Он хочет подчиняться. Все видят как он использует власть, никто не замечает как он пресмыкается перед идеей. Как он отчитывается, как грезит о повышении, как стреляет в очередную бедняжку с надеждой выслужиться. Он садист, но для садиста не важны расовые различия. Он, конечно, садист, но дрожащее стекло давит на корень языка совсем самоненавистно.
— Почему ты не слушаешь Би-би-си, Амон? — Оскар жаждет провести по колесу радиостанций сильнее, чем любую из нимфеток, ревущих в его постели. — Почему с тобой так сложно?
Скользкое наслаждение стекает с мягких черт прямо в глазницы. Гëт держит дистанцию. Ему вредно быть рядом, а безопасно только на расстоянии выстрела. Он готов прострелить слабую грудь, мелющую воздух с амбре его перегара. Вырезать нездоровое сердце, вбить гвоздями в дешёвую стену как любимый трофей. Царапать аккуратно подстриженными ногтями мясо, чтобы то кровоточило, пачкая кожу, проникать внутрь пальцами, забираясь в душу единственным известным ему способом. Съесть неверного пса на радость фюреру. Целоваться с каждым человеком в рот, пока не закончит литься в глотку чужая кровь.
С ним не сложно, просто Шиндлер не знает, что такое зло.
— Молю, посмотри на меня. — Грязные пальцы попадают Амону на короткую щетину. Оскар впервые за долгое время обращается к своей утраченной религиозности.
Амону нравится быть тем, из-за кого вспоминают Бога. Нравится думать, что ничего за чертой всё-таки нет. Было бы обидно попасть в ад за одну единственную слабость. За человеческий проступок, свойственный даже нелюдям.
От промышленника смердит солдатской формой. Это не его запах, это проклятие постели, на которой он сидел. Это частицы кожи и капли пота, что Амон сдирал языком с молодых и шокированных. Податливых и абсолютно не пластичных. От Оскара несёт телами, которыми Амон пытался его заменить.
Шиндлер целует его, как по этикету коротко прикладываются к шампанскому. Гëт пытается выпить его полностью, как спирт из бутылки длинного горла. Обвести язык языком, влить восхищение слюной в брезгающий рот, укусить дрожащие губы — это точно серьёзнее каждого убийства. Это настолько ненормально, что они оба ведутся.
Если нет активно несогласных — значит, нет потерпевших. Если все молчат — значит, решение правильное.
— Ты можешь выключить радио. — Милость императора. Тряска самой души, неуверенное положение рук, широко расставленные, почти женские бёдра. Амон хочет властвовать, но он слишком нелеп.
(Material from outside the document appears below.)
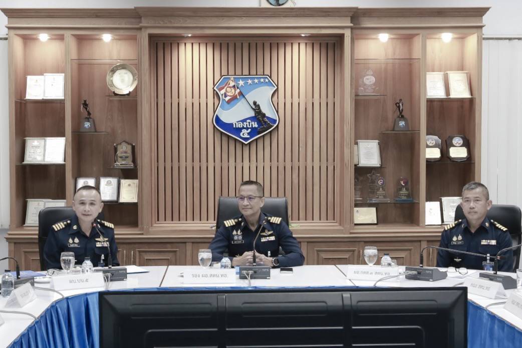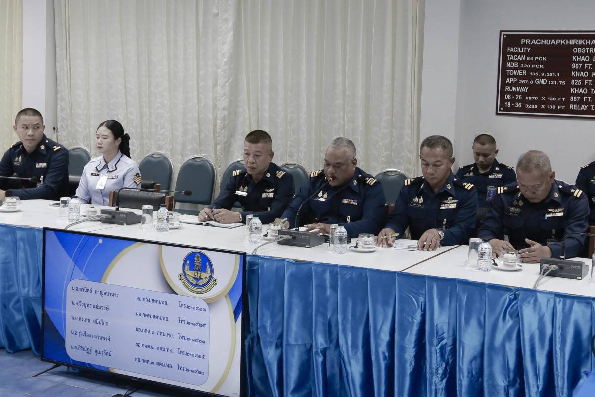 นาวาอากาศเอก รัตนศักดิ์ โพธิ์แก้ว ผู้บังคับการกองบิน ๕ พร้อมด้วยเสนาธิการกองบิน ๕ หัวหน้าหน่วยขึ้นตรง และข้าราชการกองบิน ๕ ให้การต้อนรับ นาวาอากาศเอก วรุตม์ วรรณวิไล รองผู้อำนวยการสำนักงานตรวจสอบภายในทหารอากาศ และคณะ ในโอกาสเดินทางมาให้คำปรึกษาเกี่ยวกับกระบวนการจัดทำ แผนบริหารความเสี่ยง ประจำปีงบประมาณ ๒๕๖๘ ณ ห้องบรรยายสรุป ฝูงบิน ๕๐๑ กองบิน ๕ ตำบลเกาะหลัก อำเภอเมืองประจวบคีรีขันธ์ จังหวัดประจวบคีรีขันธ์ เมื่อวันที่ ๒๕ พฤศจิกายน ๒๕๖๘

Шиндлер делает вид, что подчиняется. Его лицо украшает улыбка, его пальцы, ещё недавно раздражающие корни волосков на подбородке, гладят народный приёмник, перебивая грубые речи чистой любви. Амон вытирает губы мятой рубашкой. Для Оскара он чуть хуже Би-би-си, и чуть менее значим второго завтрака.
Для Оскара он обстоятельство, которое можно подчинить себе и использовать на благо. У него извращённые представления о власти, ему не стыдно творить добро и совокупляться со злом.
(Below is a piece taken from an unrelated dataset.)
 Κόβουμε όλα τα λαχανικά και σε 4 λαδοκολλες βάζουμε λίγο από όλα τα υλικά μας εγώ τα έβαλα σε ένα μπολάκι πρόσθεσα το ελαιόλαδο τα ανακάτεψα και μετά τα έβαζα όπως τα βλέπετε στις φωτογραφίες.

Только для Амона он что-то большее, чем холодная грудь перед глазницами. Смертельная доза коньяка, горячее дуло ружья, прислонëнное к плечу, хроническая болезнь, съедающая мозг. Оскар будет причиной его последнего вздоха.
Амон даже на это согласен.
Амон не настаивает, но Оскар послушно садится на кровать. Он сам этого хочет, у него уставшие сосуды, ему трудно стоять, он такой высокий и невозможно красивый. С ним тесно, как грудной клетке в пальто, которое на размер меньше нужного. Но Гëту нравится мечтать, что это его власть заставляет хрупкие колени согнуться. Нравится проникать пальцами в светлые волосы, чувствовать кончик носа на талии, дыхание по дорожке волос ниже живота.
Сквозь изящные занавески их наверняка видно. Но нет средства эффективнее страха — так сказал Макиавелли. Когда людей от одного только силуэта пробирает первобытный ужас, зачем скрываться? Амон гладит красноватые от алкоголя губы: Шиндлера все любят, его самого все боятся, а значит, никто не обратит на них внимания. Разве что месяц, болтающийся в чёрной тине неба жёлтой петлёй.
— Передай мне спички. — Оскар щелкает инкрустированным портсигаром, приказывает, как слуге.
Касается сигаретой зубов, пальцами собственного виска, совсем мимолётно, но Амон почему-то ощущает боль. Мигрень, которую невозможно смахнуть, стерпеть, вылечить. Она пилит череп, раздражает сосуды, умоляет раствориться в искупляющем ощущении отчаяния. Мигренью страдает Шиндлер, не он сам, но он всё это чувствует.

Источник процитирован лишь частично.